Ist Gendermedizin also nur etwas für Frauen?

Nein, denn mittlerweile weiß man, dass auch Männer medizinisch benachteiligt sein können, z.B. bei einer Covid-19-Infektion. Je nach Altersgruppe tragen sie ein drei- bis vierfach höheres Risiko für einen schweren Verlauf, wobei die Risiko Unterschiede bei den 50- bis 60-Jährigen am höchsten sind. Selbst wenn man bei Männern häufige Vorerkrankungen wie COPD und andere Risikofaktoren herausrechnet, bleibt immer noch ein um 50 bis 70 Prozent höheres Risiko. Dafür gibt es mehrere Erklärungen: Zum einen ist die Immunantwort bei Frauen prinzipiell besser – das hat mit den beiden X-Chromosomen zu tun. Hinzu kommt die vermehrte Expression von ACE2-Rezeptoren bei Männern, was sich bei Covid-19 negativ auswirkt. Außerdem hat Östrogen eher eine protektive, Testosteron hingegen eine eher negativ verstärkende Wirkung.

Hat dies auch Auswirkungen auf die Versorgung in der Corona-Pandemie?

Es sollte insgesamt für die Forschung gelten:  Biologische Unterschiede sollten bereits bei der Entwicklung neuer Medikamente, Impfstoffe und Therapien sofort im Blickfeld sein! Der Ansatz muss daher sein, so früh wie möglich solche Unterschiede zu erkennen und in die medizinische Entwicklung mit einfließen zu lassen. Wir müssen wissen: Wirkt ein Impfstoff oder wirken Medikamente bei Männern anders als bei Frauen? Brauchen Frauen eine andere Dosierung? Dazu gibt es aktuell übrigens ein EU-Paper mit einem dringenden Appell (s. Links).

Welche sozialen und psychologischen Komponenten spielen im Krankenhausalltag eine Rolle?

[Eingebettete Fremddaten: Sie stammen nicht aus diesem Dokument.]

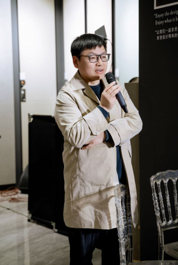 知名设计师苟洪涛老师结合自己的设计为大家做了分享,他说生活需要浪漫,要有诗意有幻想,所以在产品设计里就幻想了钢铁世界里面的柔情。玛缇瓷砖看似硬朗的外表下,藏着很多细节。它有金属的感觉,有陶瓷的感觉,甚至在它的外表下通过你的想象能看见沙漠,甚至看见星空。将玛缇瓷砖与设计的空间做了一个完美的结合,实现了产品设计上的浪漫愿望。
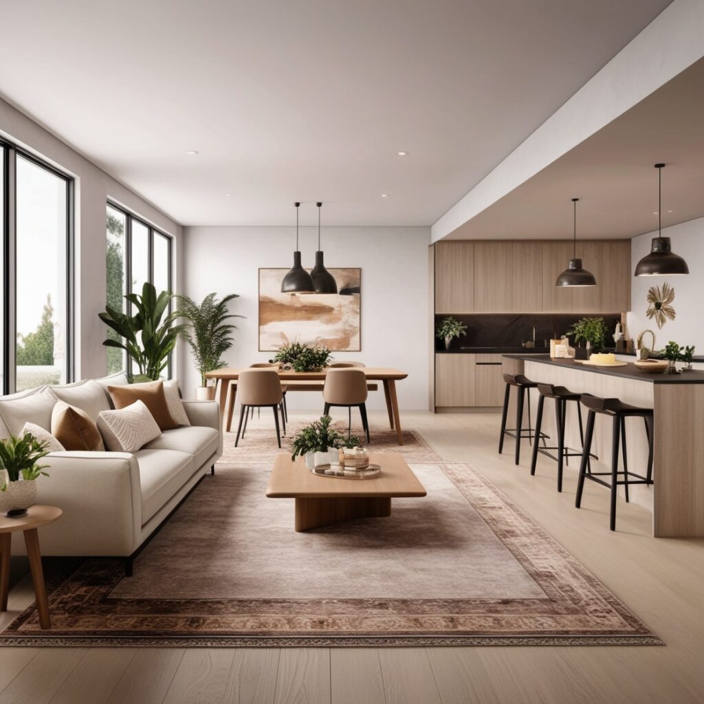 Tapetes são excelentes aliados na decoração de ambientes integrados. Eles ajudam a separar visualmente áreas como sala de jantar e sala de estar, sem precisar erguer paredes.
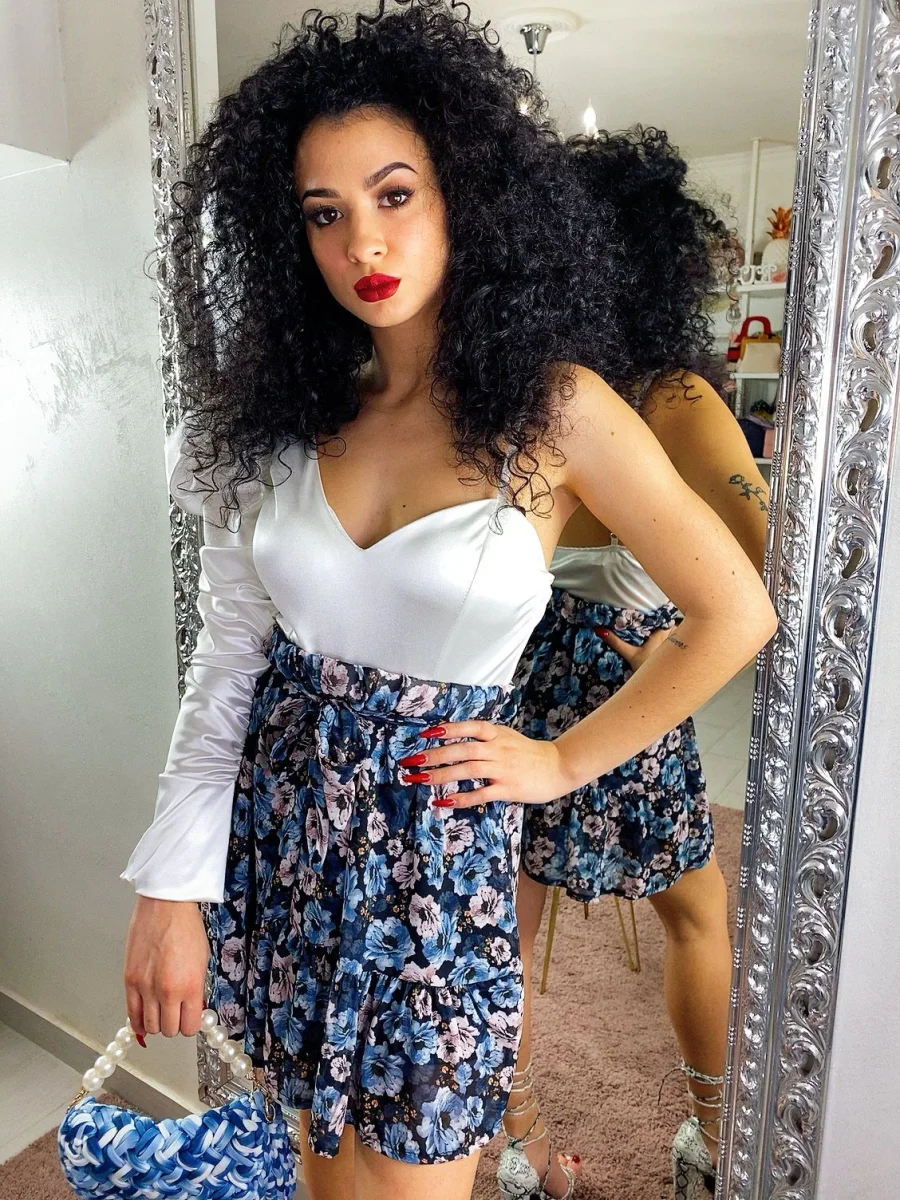 Gonna foderata in tessuto leggero. Elastico in vita e cintura nello stesso tessuto.
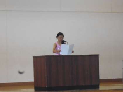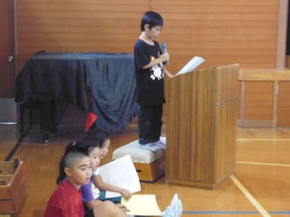 感動体験の発表は3年生です。司会の係をする人たちと発表者が会を進めてくれます。「みんなでそだてたあげはちょう」では、クラスで育ててきたアゲハチョウの成長の様子をくわしく話してくれました。すかだを変えていく様子がよく分かります。「バスの中でのできごと」では、社会見学で京都駅に出かけるバスの中での出来事です。席を譲ってくれた友達の素敵なところが発見できたうれしい気持ちを発表してくれました。フロアからは、昆虫を育てているときに同じような経験をした話や「やっぱり友達っていいなあ」と改めて感じたことを発表してくれました。
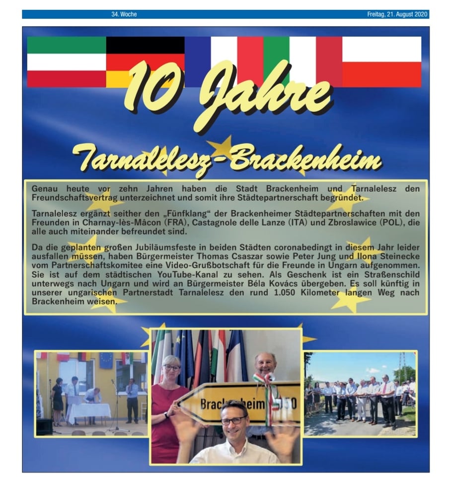 Vor circa zehn Jahren haben sich damals 35 begeisterte Europäer aus Brackenheim auf den langen Weg in den Norden Ungarns aufgemacht, um den Partnerschaftsvertrag zwischen Brackenheim und Tarnalelesz am 21. August 2010 zu unterzeichnen.
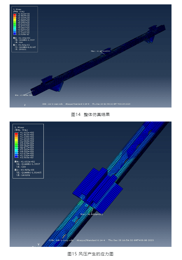 設(shè)計規(guī)范要求,支架采用的螺栓均固定擰緊。因此,各部分可視為緊密結(jié)合,不產(chǎn)生滑移,采用共單元節(jié)點進行仿真分析。通過圖14及圖15可以看出,風(fēng)壓產(chǎn)生的最大應(yīng)力在橫梁上,為160.2MPA,小于鋼材強度設(shè)計值215MPA。
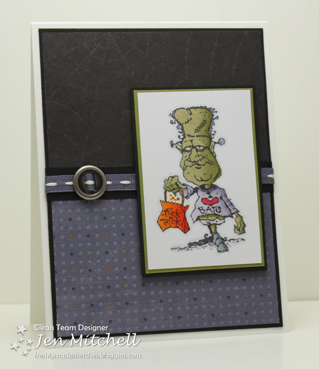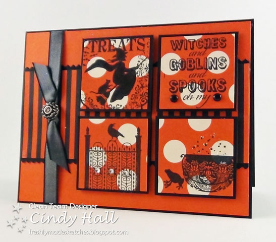 Happy Halloween everyone! It's Cindy here with this week's sketch. I had specific plans for this sketch when I created it, but then I realized that this post would occur on Halloween, so I changed it up so I could use it wish you a Happy Halloween. As you can see with the Clean Team's creations, there are many unique ways to use this sketch to cover many occasions. I hope you can see lots of possibilities with it, too.

All unsere Wahrnehmungen, unser Handeln, unsere Kommunikation werden durch unsere bewussten oder unbewussten Rollenbilder und geschlechterspezifischen Stereotypen geprägt. Unseren Pflegenden machen wir die eigenen Rollenbilder und Klischees bewusst, damit sie professionell handeln können. Von Männern heißt es ja oft, dass sie keine Angst haben. Haben Pflegende ein solches Klischee im Kopf, geben sie Männern vielleicht keinen Raum, ihre Angst zu äußern. Und wer Frauen als sozial kompetenter einschätzt, macht ihnen vielleicht keine Hilfsangebote, weil er oder sie denkt, dass die Frauen sich schon zurechtfinden.

Zurück zur konkreten Versorgung: Welche geschlechterspezifischen Angebote gibt es bei der München Klinik?

Zur Wissensvermittlung und damit auch zur Verbesserung der Versorgung bieten wir Fachtage für Männer und Frauen an, auch für Patient*innen. Wir hoffen, dass unser geplanter Fachtag für die Mitarbeitenden in der München Klinik zur genderspezifischen Gewalt und Versorgung im Dezember stattfinden kann. Nächstes Jahr ist ein weiterer Fachtag zu Geschlecht und Diabetes geplant, der sich speziell an Diabetologen und alle Fachgruppen, die Menschen mit Diabetes betreuen, richtet und sicher auch für Patient*innen interessant ist. Darüber hinaus bieten wir seit September letzten Jahres eine Sprechstunde speziell für Jungen an. Urologen haben uns darauf hingewiesen, dass Männer häufig „Vorsorgemuffel“ sind. Während Mädchen oft unproblematisch von Pädiater*innen zu Frauenärzt*innen wechseln, gelingt der Übergang in die Erwachsenenversorgung bei Jungen oft nicht. Daher haben wir mittlerweile ein gutes interdisziplinäres Angebot entwickelt, bei dem Pädiater, Kinderurologen und Psychologen zusammenarbeiten, um z.B. bei Entwicklungsverzögerungen oder Problemen mit der Geschlechteridentität zu helfen.